> **The problem**: The material below holds pictures; leave them out, and copy exactly, and only, the lines from the one with "This is a versatile, mission" through the last.

——

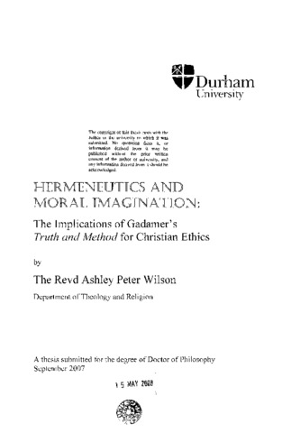 This study considers the implications for Christian ethics of the work of Hans-Georg Gadamer (in particular, his hermeneutics as presented in Truth and Method). The adequacy of moral deliberation based on autonomous moral reasoning to complex dynamic situations is challenged, as is the Enlightenment conception of abstract, universal rationality. Two mąjor theses are proposed. First, that ethics (including Christian ethics) should adopt a stance that is properly hermeneutical: taking proper account of ethics' embeddedness in history and tradition; and abandoning hope of a universal or objective standpoint from which to make ethical judgements. Second, that human beings are fundamentally imaginative moral beings: imagination is central to ethics because it is central to language and reason. Legalism and utilitarianism are critiqued as examples of the dependence of ethics on notions of absolute truth and universal method. Gadamer’s Truth and Method is considered, highlighting areas of relevance to ethics. In response to Gadamer’s observations on the centrality of language to hermeneutics, the work of Mark Johnson in cognitive science is explored in detail. The centrality of imagination to moral reasoning and to conscience is noted; and parallels are drawn between conscience and taste. It is proposed that a proper emphasis on the metaphorical nature of moral language, together with a notion of reason (and of moral deliberation) that is essentially imaginative, accord better with the phenomenology of ethical deliberation than the traditional accounts and also allow for more flexible responses. The implications of Gadamer’s hermeneutics and Johnson's moral imagination for Christian ethics are explored in relation to creation, incarnation, revelation and inspiration. The study concludes that a properly hermeneutical Christian ethics would allow a greater role for the imagination in moral deliberation and provide a system which is flexible, creative, and humane, and which properly reflects the goodness and beauty of God.
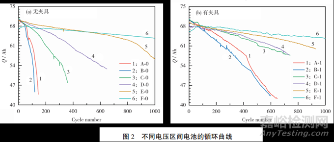 通過對電池施加有夾具和無夾具的2種預(yù)緊力,在 0~3.65V、0.20~3.65 V、0.50~3.65V、0.80~3.65V和1.50~3.65V,以及常規(guī)的2.50~3.65V等6個(gè)電壓區(qū)間循環(huán),不論是否有夾具,電池的放電截止電壓越低,容量衰減越迅速。在實(shí)際應(yīng)用中,應(yīng)盡量避免長時(shí)間的過低電壓循環(huán),以延長電池的使用壽命。
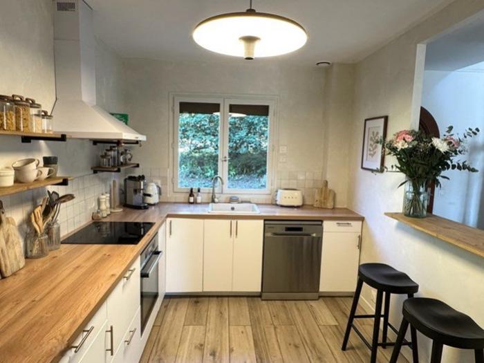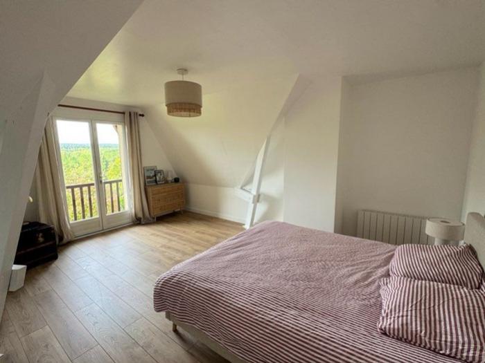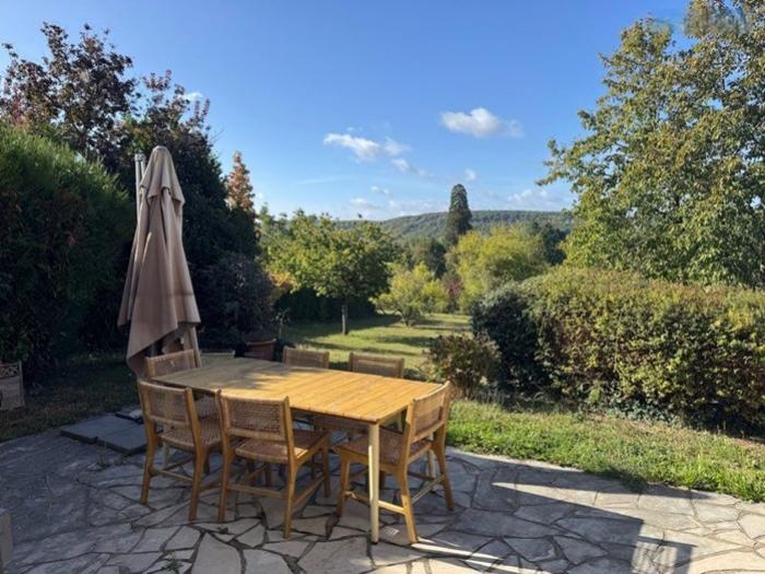 Clef Vallée d'Eure (27) : Particulier vend maison traditionnelle de 6 pièces (1990), située dans un cadre privilégié, au sein d'un charmant village, avec une jolie vue sur la vallée de l'Eure. Une propriété spacieuse, sur deux niveaux, d'une superficie de 169 m² (190 m² au sol), sur un vaste terrain de 2198 m² . Elle comporte :
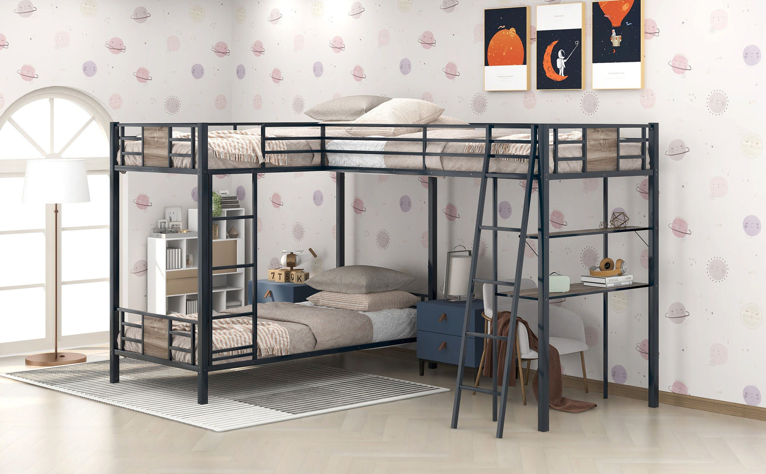 This is a versatile, mission style L-Shaped bed. Constructed of metal and MDF board, these beds are both stylish and durable. These beds are perfect for your family, sleepovers or your extra guest sleeping at your lake house getaway. High-quality, MDF board and sturdy metal, durable frame ensures stability and durability for long-term use. Built-shelved offer convenience for space saving.This L-Shaped Bunk Bed and Loft Bed is designed with a clean silhouette and a hue of elegance. It suits all styles of home decoration, and completes the look of any bedroom.
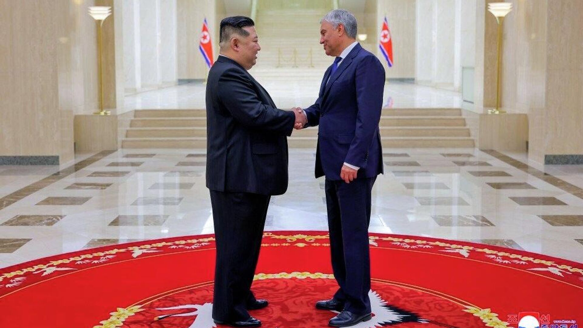 Председатель Госдумы России Вячеслав Володин передал председателю государственных дел КНДР Ким Чен Ыну приветствие от российского лидера Владимира Путина и поблагодарил за поддержку в освобождении Курской области.

——

> **Result of the exercise**:
 This is a versatile, mission style L-Shaped bed. Constructed of metal and MDF board, these beds are both stylish and durable. These beds are perfect for your family, sleepovers or your extra guest sleeping at your lake house getaway. High-quality, MDF board and sturdy metal, durable frame ensures stability and durability for long-term use. Built-shelved offer convenience for space saving.This L-Shaped Bunk Bed and Loft Bed is designed with a clean silhouette and a hue of elegance. It suits all styles of home decoration, and completes the look of any bedroom.
 Председатель Госдумы России Вячеслав Володин передал председателю государственных дел КНДР Ким Чен Ыну приветствие от российского лидера Владимира Путина и поблагодарил за поддержку в освобождении Курской области.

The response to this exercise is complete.